Buku antologi cerpen bertema kesehatan mental ini ditulis oleh 20 perempuan dari berbagai latar belakang profesi di Sidoarjo, Jawa Timur.
Peluncuran buku digelar dengan nuansa khas Hari Kartini, dengan kebaya yang melambangkan penghormatan atas semangat perjuangan perempuan Indonesia.
Warna ungu dipilih sebagai sampul buku dan warna tema peluncuran sebagai simbol keteguhan jiwa dan harapan.
“Buku ini adalah ruang berbagi cerita, tempat para penulis menuangkan kejujuran tentang luka, jatuh, dan proses bangkit kembali," ujar Vivi Dinatya, salah satu penulis, yang berprofesi sebagai psikolog.

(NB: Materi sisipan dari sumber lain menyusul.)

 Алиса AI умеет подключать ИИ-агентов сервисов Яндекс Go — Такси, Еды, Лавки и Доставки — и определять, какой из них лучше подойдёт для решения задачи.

"Kami ingin menyampaikan bahwa kondisi tidak baik-baik saja pun adalah hal yang manusiawi,” kata Dhian, seorang social media strategist.
"Cerita-cerita dalam buku ini bisa menjadi bekal bagi orang tua dan pendidik untuk mengarahkan anak-anaknya menghadapi dinamika kehidupan," tutur Farida Anwari, pemilik sejumlah rumah sakit di Sidoarjo.

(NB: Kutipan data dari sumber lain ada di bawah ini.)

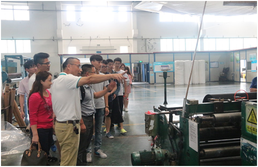 全体同学在王勇、何平和周湖勇三位老师的带领下来到位于藤桥的温州新宇无纺布有限公司见习。

Peluncuran buku tersebut diwarnai dengan sesi bincang interaktif bersama Anwar Djaelani, penulis senior yang telah menerbitkan 13 judul buku sastra.
Dalam sesi tersebut, Anwar menyampaikan apresiasi atas keberanian para penulis perempuan mengangkat narasi tentang kesehatan mental yang selama ini kerap dianggap tabu.
“Buku ini bukan hanya karya sastra, tapi juga kontribusi sosial—menyuarakan bahwa kesehatan mental itu penting dan harus dirawat,” ujar Anwar.
Anwar juga mengapresiasi penerbitan buku kedelapan komunitas Pena Perajut Aksara karena menunjukkan konsistensi dalam melahirkan karya bermakna.
"Buku Aku (Tidak) Baik-Baik Saja) menjadi bukti bahwa suara perempuan, dari ruang-ruang sunyi sekalipun, punya kekuatan penyembuhan," katanya.